Start of Information shown

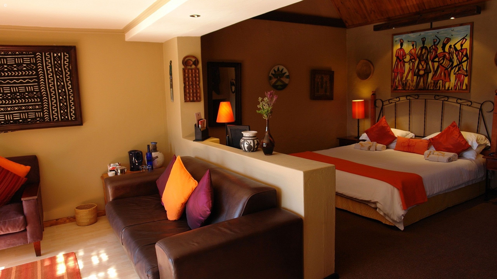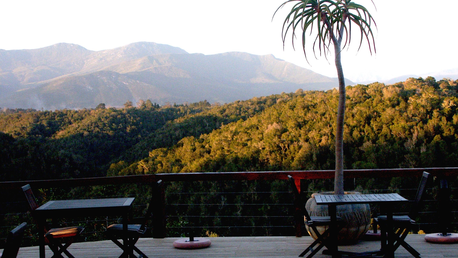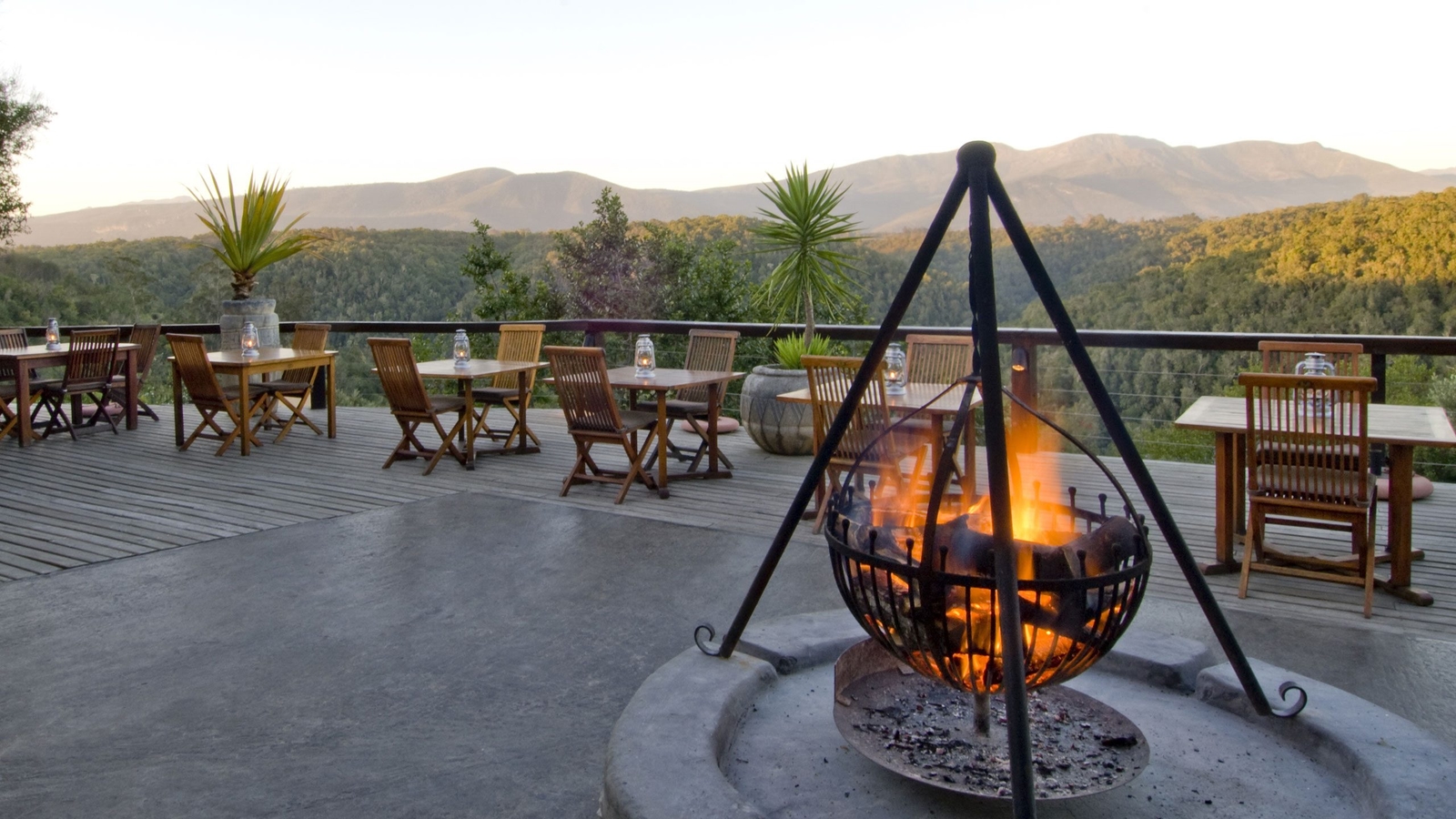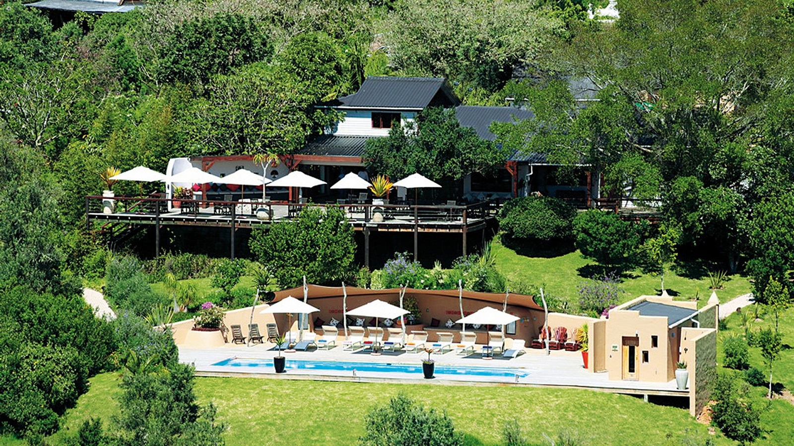 The 16 suites are situated in the garden, facing the main house. All come with king-sized beds (although twins are available) and are appointed in rustic earthy tones with simple, yet contemporary, furniture. Local hand-crafted art features throughout. There is also a three-bedroomed, two-storey villa available, which features a private infinity pool and extraordinary views over the valley and Tsitsikamma Mountains.
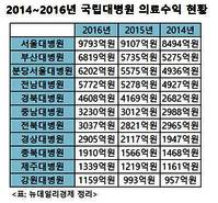 국립대병원들의 의료수익 부익부 빈익빈이 심화되고 있다. 4일 <뉴데일리경제>가 공공기관 경영정보시스템 알리오에 공시된 2014~2016년 국립대학교병원 11곳의 손익계산서를 분석한 결과, 의료 수입 상위 그룹의 수익은 매년 상승하는 모습이다. 의료수
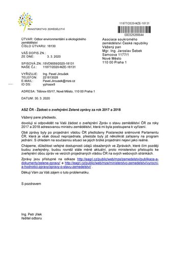 Na základě žádosti ASZ ČR zveřejnilo Ministerstvo zemědělství Zprávy o stavu zemědělství (tzv. Zelené zprávy) za roky 2017 a 2018, které delší dobu čekaly ve sněmovně na to, až je poslanci vezmou na vědomí, což byla poslední podmínka k jejich zveřejnění.
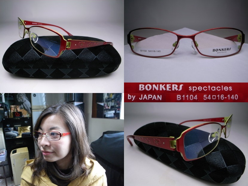 全新真品 Bonkers 光學眼鏡,表層亮紅色/底層蘋果綠色, 日本山茶花造型框, 亮麗有型, 特價回饋想要從宅女轉型為型女的網友.
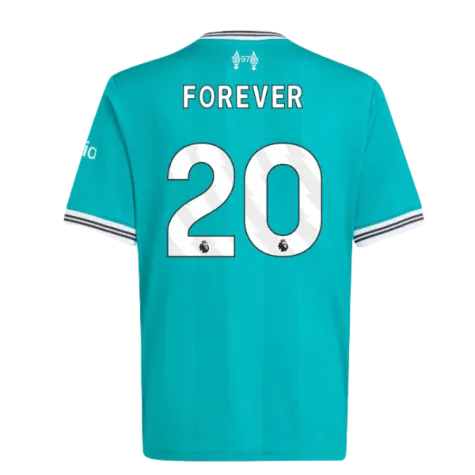 Official Forever 20 football shirt. This is the NEW Liverpool Third Shirt (Kids) for the 2025-2026 season which is manufactured by Adidas and is available in all Childrens sizes.

End of Information shown

> [Instructions for the task]: Reproduce exactly the part of the records above that begins at the line holding "日本山茶花造型框, 亮麗有型, 特價回饋想要從宅女轉型為型女的網友." and ends at the final line, both included, leaving out the pictures.

> [Solution to this exercise]:
 全新真品 Bonkers 光學眼鏡,表層亮紅色/底層蘋果綠色, 日本山茶花造型框, 亮麗有型, 特價回饋想要從宅女轉型為型女的網友.
 Official Forever 20 football shirt. This is the NEW Liverpool Third Shirt (Kids) for the 2025-2026 season which is manufactured by Adidas and is available in all Childrens sizes.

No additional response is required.